United States District Court for the Southern District of New York · 1999 · Contracts
ContractsAdvertisements as offersObjective theory of assentStatute of FraudsFraudadvertisementoffersolicitation for offers

Facts

Pepsi ran a "Pepsi Stuff" promotion in which consumers collected Pepsi Points and redeemed them for merchandise listed in a catalog and order form. A television commercial showed a teenager arriving at school in a Harrier Jet, with the on-screen legend "HARRIER FIGHTER 7,000,000 PEPSI POINTS," and also directed viewers to see details on specially marked packages; the catalog, however, did not list any Harrier Jet and stated that merchandise could be ordered only with the original order form.
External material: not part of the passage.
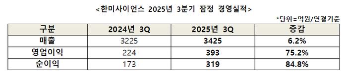 한미사이언스는 올해 3분기 연결기준 잠정 실적으로 영업이익이 75.2% 증가한 393억원을 기록했다고 29일 밝혔다. 같은 기간 매출액은 6.2% 늘어난 3425억원을, 순이익은 84.8% 올랐다.
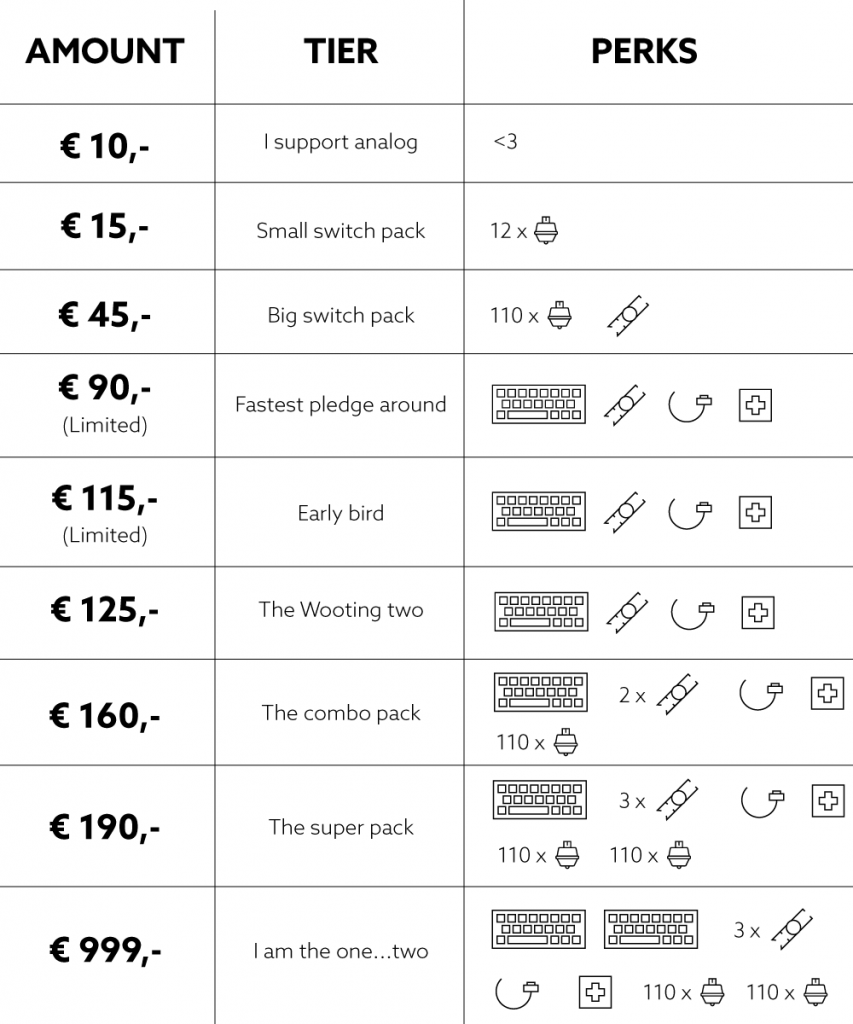 RewardWhat you really payI support analog€10Small switch pack€15 + shipping fee (€5)Big switch pack€50 + shipping fee (€5)Fastest pledge around€100 + Free shipping in Benelux + GermanyEarly bird€130 + Free shipping in Benelux + GermanyWooting two€140 + Free shipping in Benelux + GermanyThe combo pack€180 + Free shipping in Benelux + GermanyThe super pack€220 + Free shipping in Benelux + GermanyI am the one...two€999 + Free shipping in Benelux + Germany

Leonard sent Pepsi an order form, fifteen original Pepsi Points, and a check for $700,008.50, writing in "1 Harrier Jet" and "7,000,000" points. Pepsi rejected the submission, stating that the jet was not part of the promotion and that the commercial's depiction was fanciful and humorous.

Issue

Did Pepsi's television commercial constitute a valid offer that Leonard could accept by tendering Pepsi Points and money for a Harrier Jet? If not, could Leonard nevertheless prevail on contract or fraud theories, including in light of the Statute of Frauds?

Rule

An advertisement is generally not an offer but merely an invitation to negotiate or a solicitation of offers, unless it is clear, definite, and explicit and leaves nothing open for negotiation, ordinarily containing language of commitment or an invitation to take action without further communication. Whether an alleged offer exists is judged by the objective reasonable person standard, and acts evidently done in jest do not create contractual liability. Separately, under New York U.C.C. § 2-201(1), a contract for the sale of goods for $500 or more is unenforceable absent a writing sufficient to indicate a contract for sale and signed by the party against whom enforcement is sought.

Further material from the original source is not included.